UK’s Ministry Of Defence Academy Hit By State-sponsored Hackers

UK’s Ministry Of Defence Academy Hit By State-sponsored Hackers

Possibly Russian or Chinese state-sponsored hackers have conducted an attack on a US state institution. The UK Ministry of Defence told its staff a foreign power was behind the attack.

Unknown adversaries conducted a major cyberattack on the Defence Academy of the United Kingdom, according to the British tabloid newspaper The Sun.

Headquartered at what used to be the Royal Military College of Science site at Shrivenham in southwestern Oxfordshire, the Academy provides postgraduate education and the majority of command, staff, leadership, defense management, acquisition, and technology training for personnel in the British Armed Forces, Civil Service, other government departments and service personnel from other ally countries. 

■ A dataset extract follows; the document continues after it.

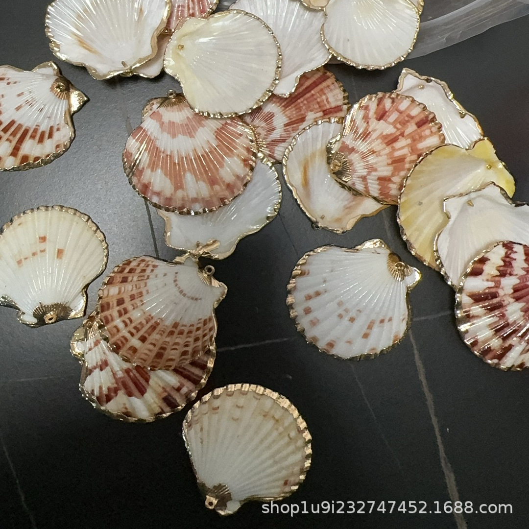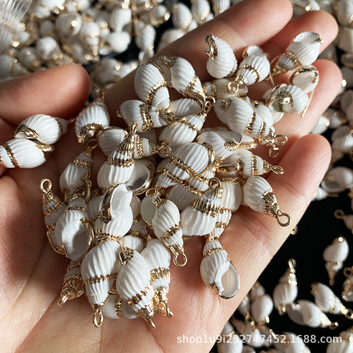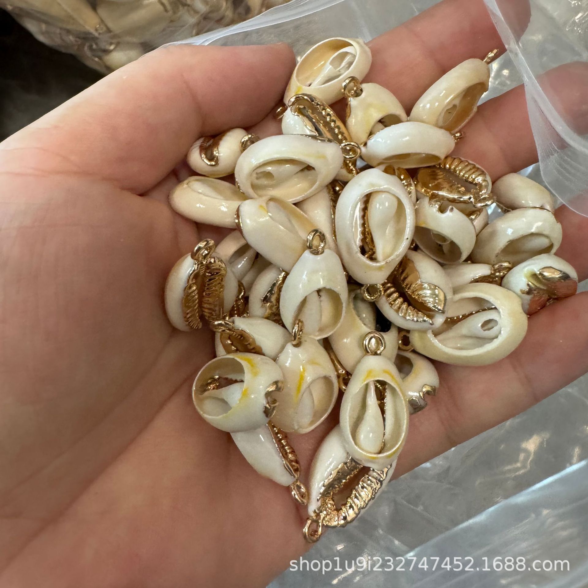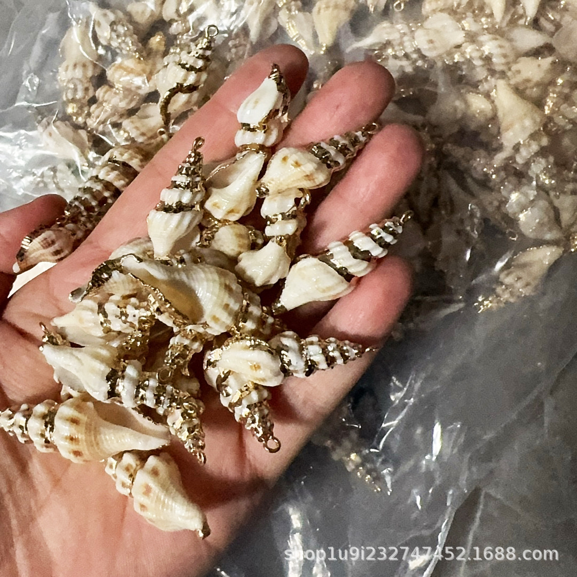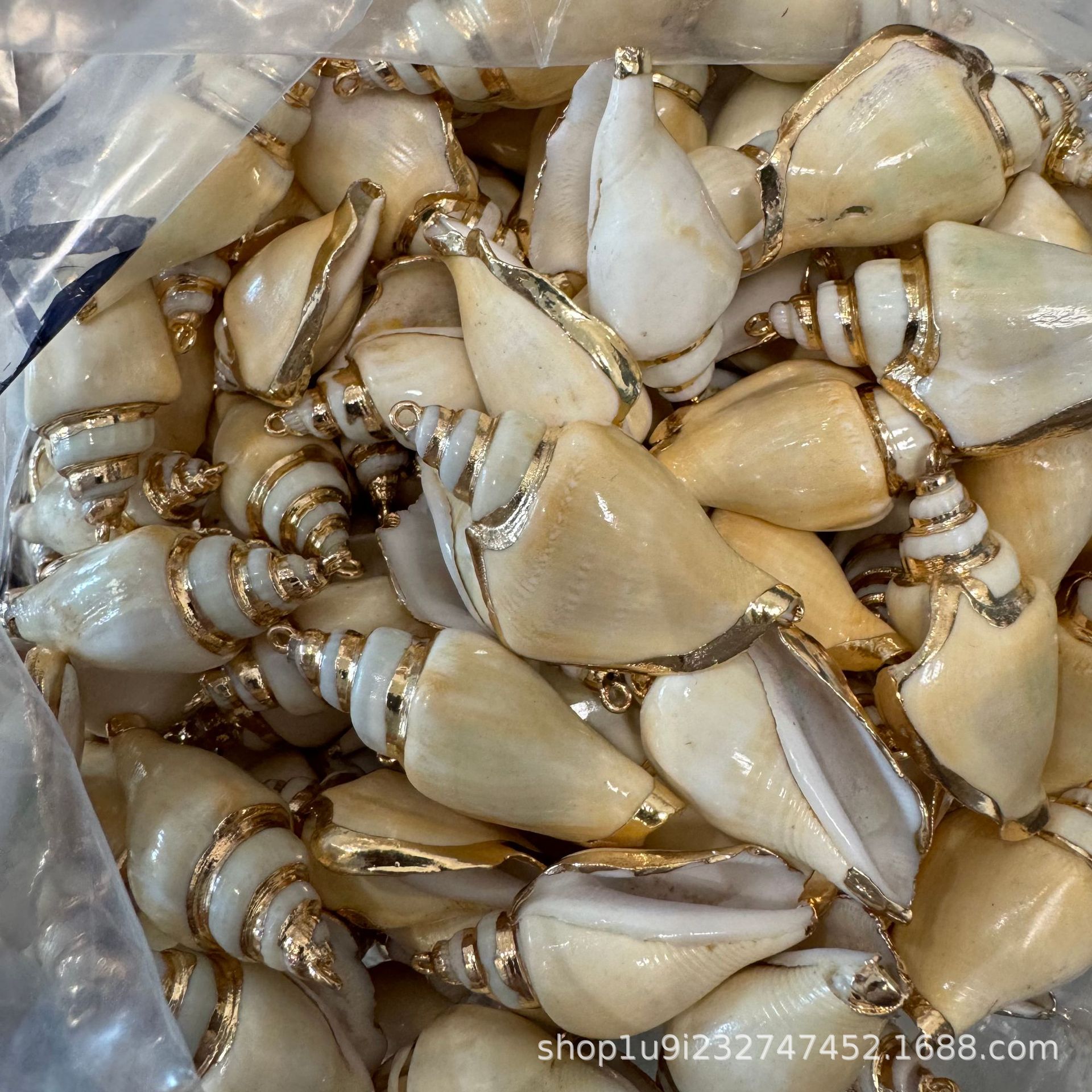 爱贝来海螺吊坠配件 包金边贝壳耳环项链挂件 贝壳材料亚马逊货源
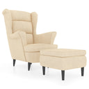 Fauteuil à oreilles avec tabouret crème velours

The Defence Academy delivers education and training at Shrivenham campus and in a number of other campuses. 

The Sun reported the attack on Monday:

“THE MoD’s defence academy has been hit by a major cyber attack.”

Based on the details from a person familiar with the attack, The Sun said the attack can be attributed to a major state adversary: “They said it’s the work of a foreign power.”

The academy staff was told the hack was done by a foreign power, which means Russia and China are among the suspects. 

The cyberattack took offline the Academy’s website and knocked out its IT network. The academy management said it would take time to completely restore the impacted computers and servers on the network, which is run by a third-party contractor. But the IT system of the Ministry haven’t been impacted:

“These are run by a contractor and there is no impact on the Ministry of Defence IT network itself. Teaching continues,” the Ministry of Defence stated.

At the time of writing, the Academy’s website is still unreachable.

“Everyone was told to use their personal laptops and computers because the work ones have been compromised,” a source told The Sun. “It is going to take at least five weeks to fix.”